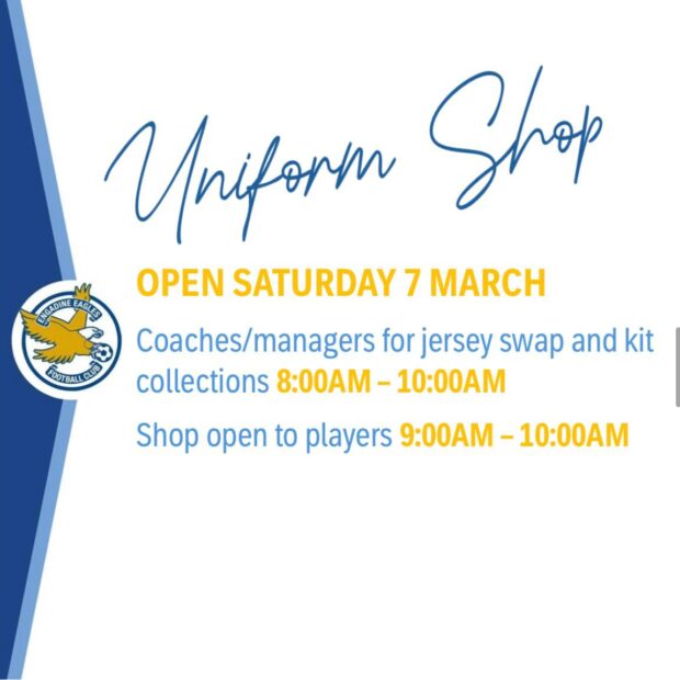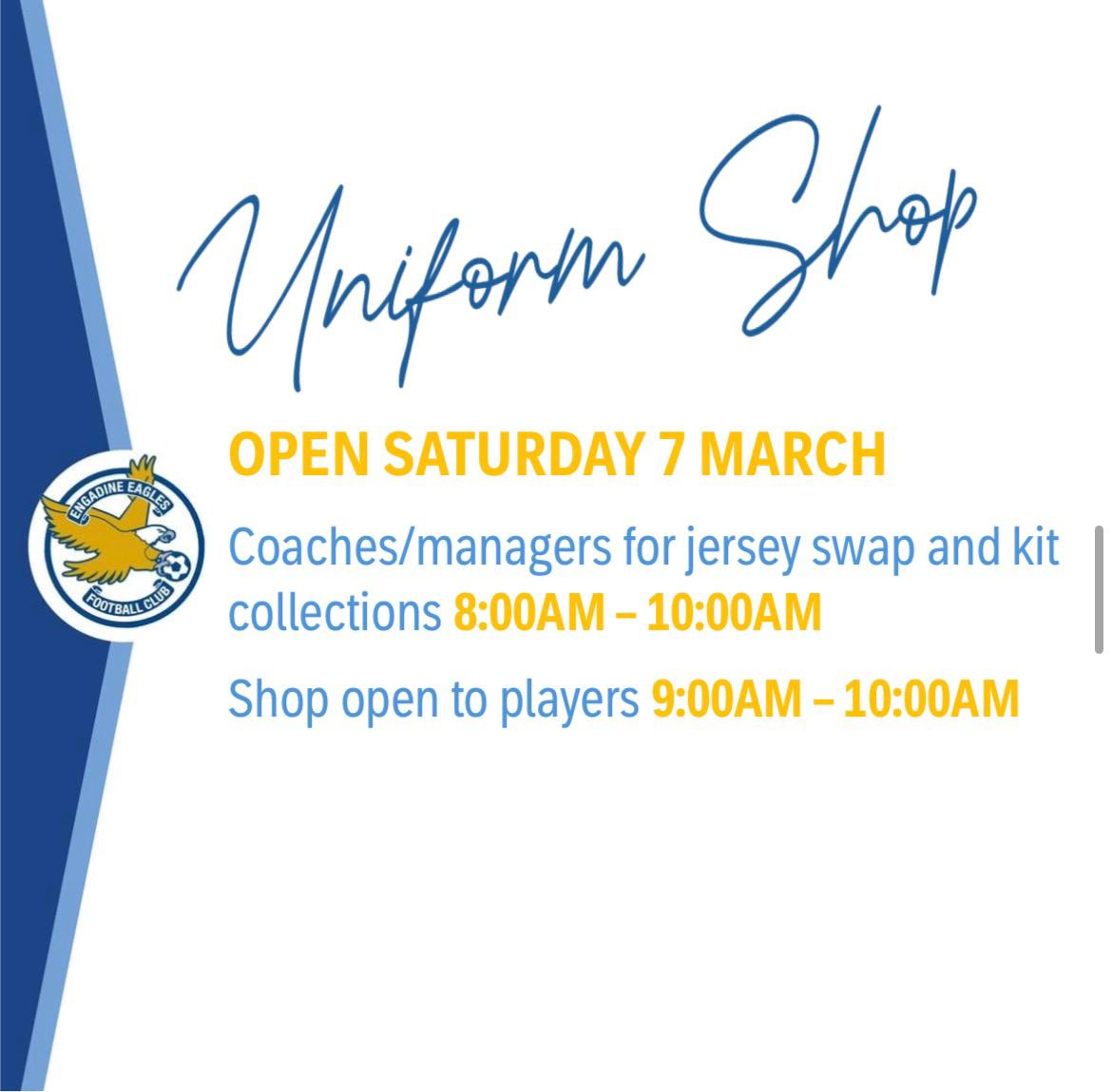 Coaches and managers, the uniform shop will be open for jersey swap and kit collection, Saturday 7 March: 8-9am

——————————

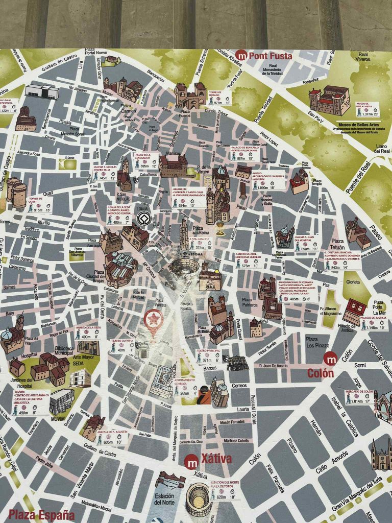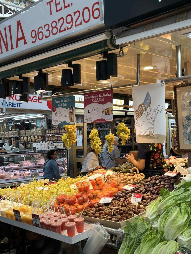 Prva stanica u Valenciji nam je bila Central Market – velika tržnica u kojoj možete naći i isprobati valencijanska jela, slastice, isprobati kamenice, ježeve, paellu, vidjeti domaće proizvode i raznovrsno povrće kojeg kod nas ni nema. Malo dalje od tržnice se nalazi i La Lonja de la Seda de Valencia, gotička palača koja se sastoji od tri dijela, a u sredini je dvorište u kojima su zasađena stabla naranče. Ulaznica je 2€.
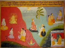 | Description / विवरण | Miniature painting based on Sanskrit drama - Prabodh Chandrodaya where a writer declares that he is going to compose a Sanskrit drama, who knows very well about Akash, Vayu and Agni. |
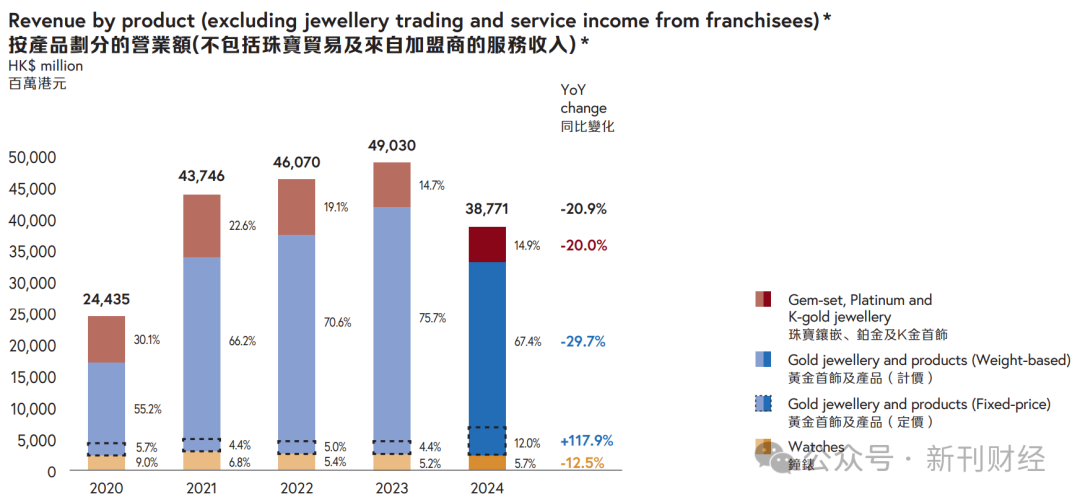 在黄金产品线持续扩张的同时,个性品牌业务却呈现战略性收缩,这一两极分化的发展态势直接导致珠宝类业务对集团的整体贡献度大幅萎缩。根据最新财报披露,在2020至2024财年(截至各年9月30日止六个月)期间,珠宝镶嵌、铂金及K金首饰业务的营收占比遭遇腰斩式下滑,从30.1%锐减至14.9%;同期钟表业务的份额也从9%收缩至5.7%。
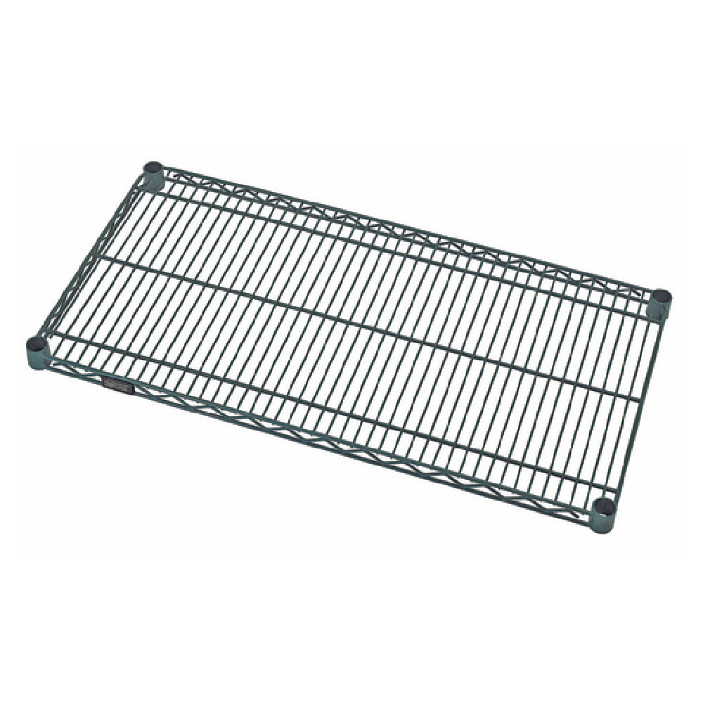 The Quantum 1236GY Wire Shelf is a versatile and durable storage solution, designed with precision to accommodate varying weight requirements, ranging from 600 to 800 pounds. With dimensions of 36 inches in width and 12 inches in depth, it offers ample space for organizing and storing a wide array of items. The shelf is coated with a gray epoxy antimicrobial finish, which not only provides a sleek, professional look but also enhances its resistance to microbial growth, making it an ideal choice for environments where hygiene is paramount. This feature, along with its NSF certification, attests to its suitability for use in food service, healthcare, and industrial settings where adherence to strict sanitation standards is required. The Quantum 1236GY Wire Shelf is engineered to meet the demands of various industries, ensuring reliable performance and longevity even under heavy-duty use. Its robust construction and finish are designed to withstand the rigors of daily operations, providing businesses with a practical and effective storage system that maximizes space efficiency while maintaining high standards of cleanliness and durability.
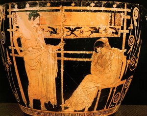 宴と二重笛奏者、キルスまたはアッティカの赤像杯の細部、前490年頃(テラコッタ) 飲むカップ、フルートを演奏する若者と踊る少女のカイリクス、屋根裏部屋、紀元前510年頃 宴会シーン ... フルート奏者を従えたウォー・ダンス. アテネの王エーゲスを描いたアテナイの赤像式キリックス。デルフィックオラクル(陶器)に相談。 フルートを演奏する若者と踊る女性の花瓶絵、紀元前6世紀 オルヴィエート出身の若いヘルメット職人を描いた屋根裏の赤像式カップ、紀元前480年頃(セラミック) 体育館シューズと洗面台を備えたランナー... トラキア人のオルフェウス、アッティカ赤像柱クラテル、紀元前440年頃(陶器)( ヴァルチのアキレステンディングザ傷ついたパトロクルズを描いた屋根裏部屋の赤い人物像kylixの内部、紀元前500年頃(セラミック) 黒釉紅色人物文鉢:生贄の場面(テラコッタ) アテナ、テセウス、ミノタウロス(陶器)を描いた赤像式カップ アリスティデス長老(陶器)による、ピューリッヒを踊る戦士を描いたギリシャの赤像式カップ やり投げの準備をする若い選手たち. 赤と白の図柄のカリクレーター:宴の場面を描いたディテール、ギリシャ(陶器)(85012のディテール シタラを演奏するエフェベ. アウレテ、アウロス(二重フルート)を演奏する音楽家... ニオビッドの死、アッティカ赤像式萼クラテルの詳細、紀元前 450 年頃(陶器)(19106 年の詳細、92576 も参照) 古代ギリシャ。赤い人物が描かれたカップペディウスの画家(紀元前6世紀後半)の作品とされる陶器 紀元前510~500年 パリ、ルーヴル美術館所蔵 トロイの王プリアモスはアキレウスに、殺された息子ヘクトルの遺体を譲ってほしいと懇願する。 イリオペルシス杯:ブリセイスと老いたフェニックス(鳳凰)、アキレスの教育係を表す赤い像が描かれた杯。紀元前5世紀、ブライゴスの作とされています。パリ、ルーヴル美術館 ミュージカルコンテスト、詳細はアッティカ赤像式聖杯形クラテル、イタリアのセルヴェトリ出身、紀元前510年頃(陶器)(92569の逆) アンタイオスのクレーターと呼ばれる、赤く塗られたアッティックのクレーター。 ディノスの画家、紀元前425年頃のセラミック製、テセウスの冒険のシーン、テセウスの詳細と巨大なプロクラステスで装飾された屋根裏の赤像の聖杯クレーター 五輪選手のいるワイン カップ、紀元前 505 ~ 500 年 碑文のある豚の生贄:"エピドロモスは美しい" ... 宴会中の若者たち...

——————————

*TASK OBJECTIVE*: Now transcribe the lines above exactly, starting at the line containing "Prva stanica u" and ending at the line containing "在黄金产品线持续扩张的同时,个性品牌业务", both lines included, pictures excluded.

*EXPECTED OUTPUT*:
 Prva stanica u Valenciji nam je bila Central Market – velika tržnica u kojoj možete naći i isprobati valencijanska jela, slastice, isprobati kamenice, ježeve, paellu, vidjeti domaće proizvode i raznovrsno povrće kojeg kod nas ni nema. Malo dalje od tržnice se nalazi i La Lonja de la Seda de Valencia, gotička palača koja se sastoji od tri dijela, a u sredini je dvorište u kojima su zasađena stabla naranče. Ulaznica je 2€.
 | Description / विवरण | Miniature painting based on Sanskrit drama - Prabodh Chandrodaya where a writer declares that he is going to compose a Sanskrit drama, who knows very well about Akash, Vayu and Agni. |
 在黄金产品线持续扩张的同时,个性品牌业务却呈现战略性收缩,这一两极分化的发展态势直接导致珠宝类业务对集团的整体贡献度大幅萎缩。根据最新财报披露,在2020至2024财年(截至各年9月30日止六个月)期间,珠宝镶嵌、铂金及K金首饰业务的营收占比遭遇腰斩式下滑,从30.1%锐减至14.9%;同期钟表业务的份额也从9%收缩至5.7%。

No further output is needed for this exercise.